2.01           Completion of Acquisition or Disposition of Assets

On December 1, 2007, Souvenir Direct, Inc. (“SDI”) and Capstone Industries, Inc. (“CAPI”), both Florida corporations and both subsidiaries of CHDT Corp., entered into a Purchase and Sale Agreement (the “Agreement”) with Magnet World, Inc., a Florida corporation (“MWI”).  Under the Agreement, the operating assets of SDI were sold to MWI for $200,000 cash.  The operating assets of SDI consists of the operating assets for the promotional, gift and souvenir business being operated by CAPI.  This business has been secondary business line of CHDT Corp. since the acquisition in late 2006 of CAPI and its consumer product business.  The Agreement is attached hereto as Exhibit 2.

CHDT Corp. decided to allow the sale in order to: (i) focus on its primary business line, CAPI’s consumer products; (ii)  eliminate a secondary business that was not contributing positive cash flow on a consistent basis to CHDT Corp. and constituted a drain on resources needed, in the opinion of the management of CHDT Corp., SDI and CAPI, for the consumer product business line.  CHDT Corp.; and (iii) to the obtain cash to fund its consumer product business, especially the STP-branded power tool products.
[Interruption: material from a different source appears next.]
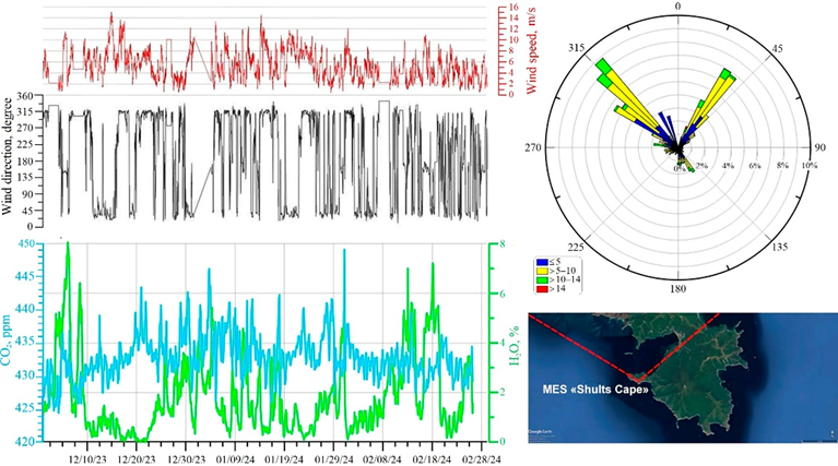 In general, such a level of CO2 concentration vividly illustrates the increased level of its content in the atmosphere in winter. This is due both to the peculiarities of the atmospheric transfer (mainly from the continental part) and to the almost complete slowing down of photosynthesis and vegetation processes (carbon dioxide drainage is difficult) due to the low temperatures. Furthermore, from December 2023, a characteristic diurnal variability of carbon dioxide concentrations has been detected, with an increase during the day and a smooth decrease at night (with a minimum in the morning), with an average amplitude of 1.3 ppm. This appears to be related to local features of the atmospheric circulation and a change in the direction of the prevailing wind in the land-sea system.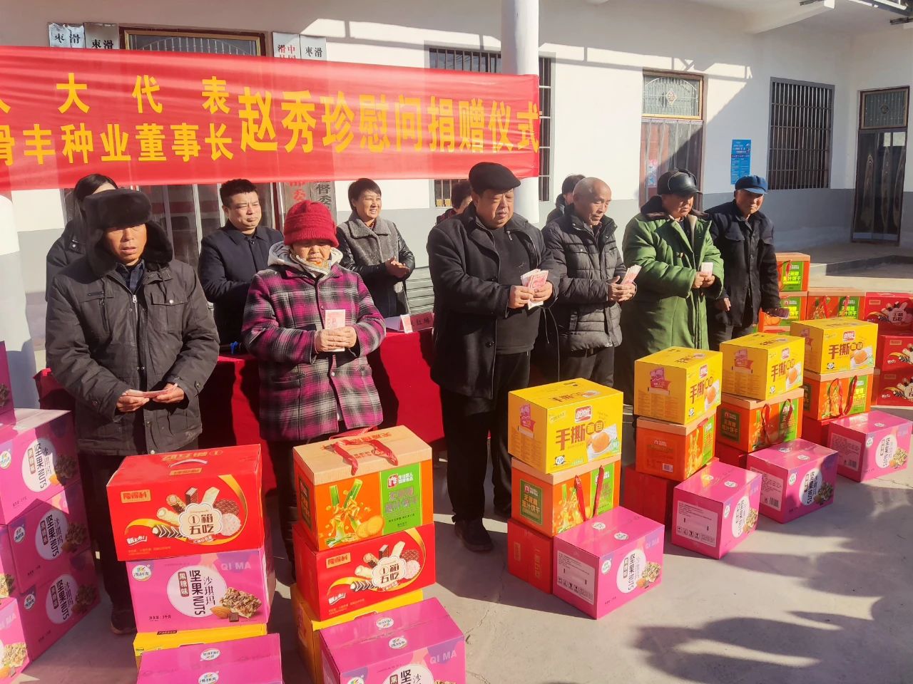 新春将至,暖意先行。1月17日上午,全国优秀党务工作者、人大代表、滑丰种业董事长赵秀珍慰问捐赠仪式在枣村乡西徐营村举行,为困难群众送来慰问金及面包、饼干等暖心物资,用实际行动践行了“人大代表为人民”的服务宗旨。县人大常委会党组副书记、副主任张红琳出席仪式,枣村乡党委副书记、乡长王日轩主持仪式。

STP is a trademark of Clorox Corp. and is licensed to CAPI by Clorox Corp. for CAPI’s STP-branded power tool product line.

The above description is qualified in its entirety by reference to the Agreement as attached hereto as Exhibit 2.

EXHIBIT NUMBER                                                      DESCRIPTION

Exhibit 2
Purchase and Sale Agreement, dated December 1, 2007, among Souvenir Direct, Inc., Capstone Industries, Inc. and Magnet World, Inc.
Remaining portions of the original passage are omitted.